3. Columbus, struck with the wonderful expeditions of the Portuguese, imagined that something greater might be done; and from a bare inspection of the map of our world, concluded that there must be another which might be found by sailing always west. He had courage equal to his genius, or indeed superior, seeing he had to struggle with the prejudices of his cotemporaries, and the repulses of several princes to whom he had tendered his services.

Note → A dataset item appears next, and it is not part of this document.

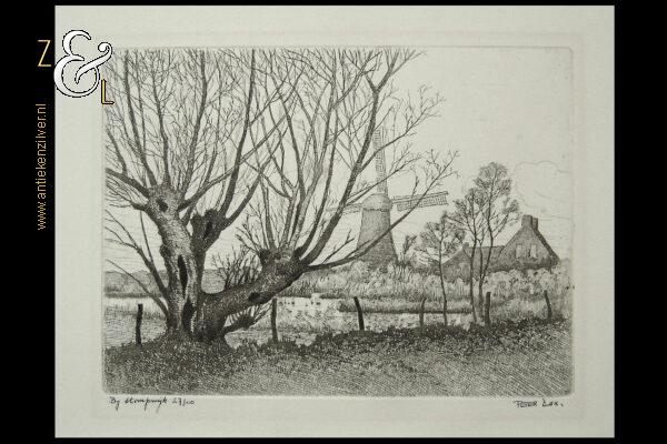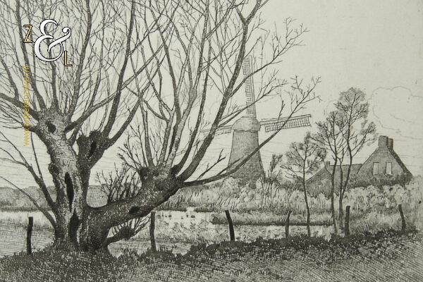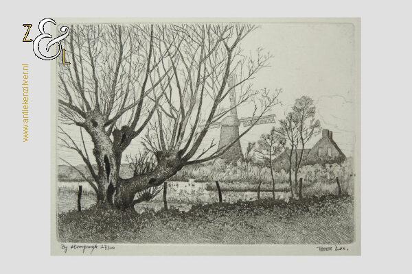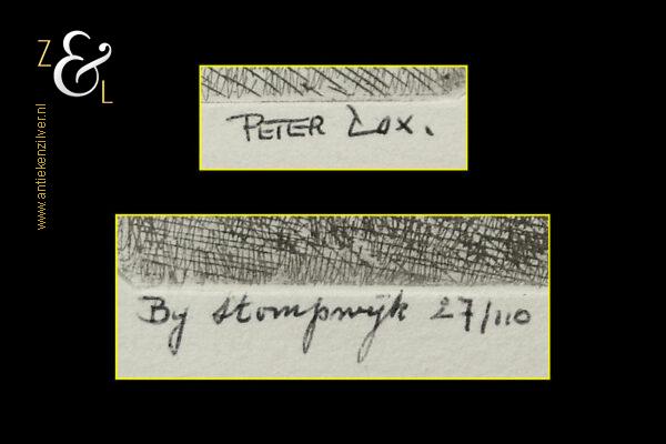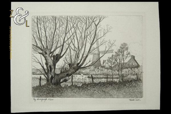 Deze ets met de titel “Bij Stompwijk” is gemaakt door Peter Cox. Op de ets zijn afgebeeld: op de voorgrond een grote knotwilg, op de achtergrond een molen met boerderij en daartussen een sloot. De ets is gedrukt op zwaar etspapier en is in potlood rechtsonder gesigneerd Peter Cox linksonder staat de titel Bij Stompwijk met daarnaast de oplage 27/110. De ets is aan de buitenzijde gemeten 30 cm lang bij 22 cm breed, de ets zelf is 22 cm lang bij 16.3 cm breed. De ets heeft een lichte egale verkleuring.

4. Genoa, which was his native country, treated his schemes as visionary, and by that means lost the only opportunity that could have offered of aggrandizing her power. Henry VII. king of England, who was too greedy of money, to hazard any on this noble attempt, would not listen to the proposals made by Columbus’s brother; and Columbus himself was rejected by John II. of Portugal, whose attention was wholly employed upon the coast of Africa. He had no prospect of success in applying to the French, whose marine lay totally neglected, and their affairs more confused than ever, daring the Minority of Charles VIII. The emperor Maximilian, had neither ports for shipping, money to fit out a fleet, nor sufficient courage to engage in a scheme of this nature. The Venetians, indeed, might have undertaken it; but whether the natural aversion of the Genoese to these people, would not suffer Columbus to apply to the rivals of his country, or that the Venetians had no idea of any thing more important than the trade they carried on from Alexandria and in the Levant, Columbus at length fixed all his hopes on the court of Spain.
5. Ferdinand, king of Arragon, and Isabella, queen of Castile, had by their marriage united all Spain under one dominion, excepting only the kingdom of Granada, which was still in the possession of the Moors; but which Ferdinand soon after took from them. The union of these two princes had prepared the way for the greatness of Spain, which was afterwards begun by Columbus; he was however obliged to undergo eight years of incessant application, before Isabella’s court would consent to accept of the inestimable benefit this great man offered it. The bane of all great objects is the want of money. The Spanish court was poor; and the prior, Perez, and two merchants, named Pinzono, were obliged to advance seventeen thousand ducats towards fitting out the armament. Columbus procured a patent from the court, and at length set sail from the port of Palos, in Andalusia, with three ships, on August 23, in the year 1492.